Good. George has made some improvements to this situation. Shiming will
soon be sending out a note to Robert Marsa explaining this.
>The
>dimensioning business is different though; as far as we can
>discern (and as is documented at
>http://godel.ph.utexas.edu/Members/marsa/hdf.html
>), if we append CONSTANT RANK, CONSTANT SHAPE scientific
>data sets to an .hdf file, then we *always* face an (unpredictable) limit to
>how many data sets can be written, and according to Shiming,
>this is not supposed to be the case (i.e. we DO use SDsetdimname()
>but still encounter the problem). Either we aren't understanding
>something or this is a genuine BUG, not a design feature.
It's a bug, not a design feature. Shiming will say a bit more about how
she plans to work on it in the note to Robert.
>Also, on Cray vector machines, our codes which use the mfhdf interface
>don't just encounter .hdf error returns, at some point, they actually
>dump core so we suspect there's something else awry with the
>Cray support.
We didn't know about this Cray core dumping problem. (Or maybe we
misunderstood an earlier message from you.) After we solve the previous
problem on our local workstations, we will check it on a Cray.

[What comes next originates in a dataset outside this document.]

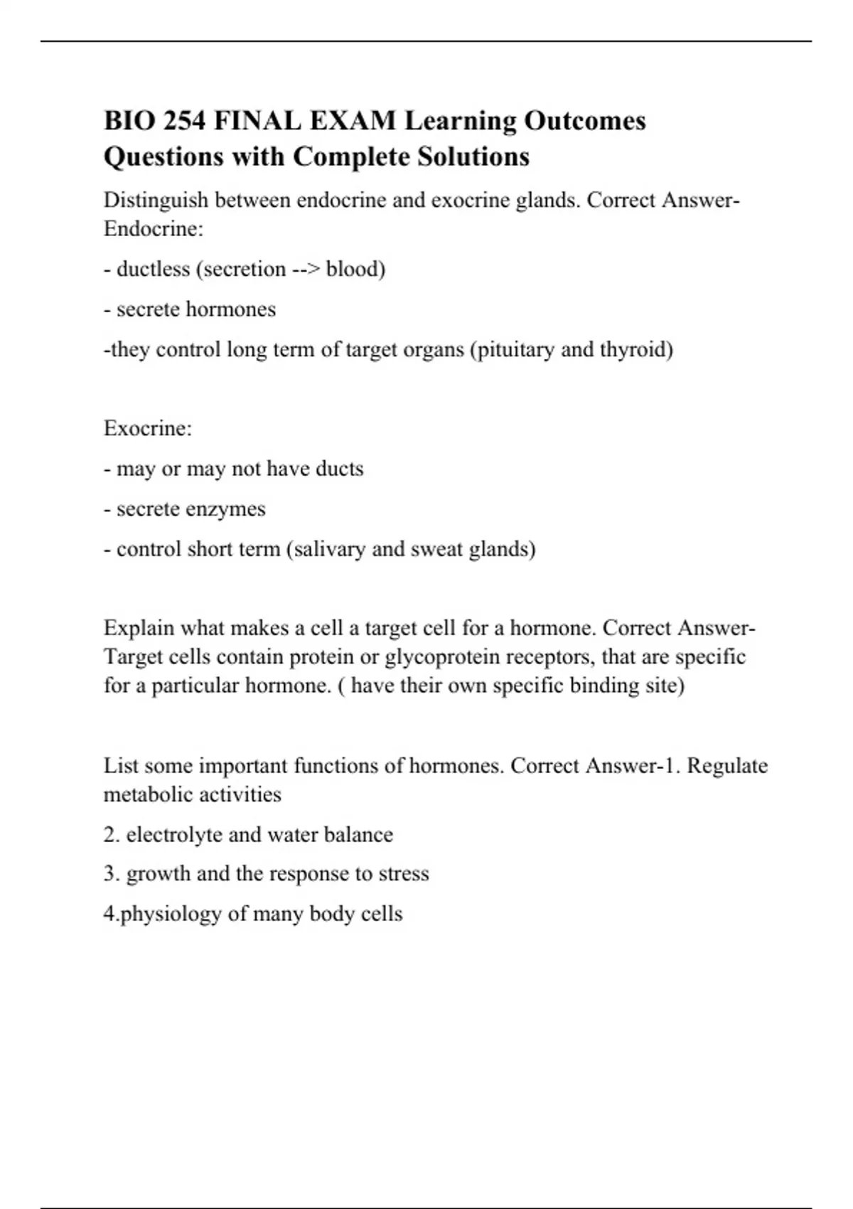 BIO 254 FINAL EXAM Learning Outcomes Questions with Complete Solutions

>We don't mind waiting until Sep 30 for a fix but
>we urge the support group to get back in touch with US if possible
>so that we can be reasonably certain that the problem does get fixed.
Will do.
Mike
-------------------------------------------------------------------------
Fri, Sep 9 (approx)
From Shiming Xu at NCSA (I believe) via Robert Marsa
-------------------------------------------------------------------------
>From [email protected] Wed Aug 23 18:32:29 1995
>To: [email protected]
>Subject: [netcdf/libsrc] dimension counting problem
>
>>>From [email protected] Thu Aug 17 14:01:18 1995
>>>To: [email protected]
>>>Subject: [netcdf/libsrc]: [The MFSD interface will only allow us to
>>>write a few SDS's in a single file and will only allow us to open a few
>>>files at once.]
>>> VERSION:
>>> HDF3.3 Release 4
>>> USER:
>>> Robert Marsa
>>> (512) 471-4700
>>> [email protected]
>>> MACHINE / OPERATING SYSTEM:
>>> Presumably all. SGI/IRIX 5.2, Macintosh/A/UX 3.0.2,
>>> CRAY/UNICOS 8.0.4
>>> COMPILER:
>>> native ANSI cc, gcc
>>>
>>> DESCRIPTION:
>>> We have recently run into problems using the HDF MFSD interface.
>>> Through testing and examination of the source code, we have
>>> identified at least two problems.
>>>
>>> 1) Only 5000 (MAX_NC_DIMS) dimensions are allowed in a single
>>> file. This limitation seems to be enforced by SDcreate in mfsd.c.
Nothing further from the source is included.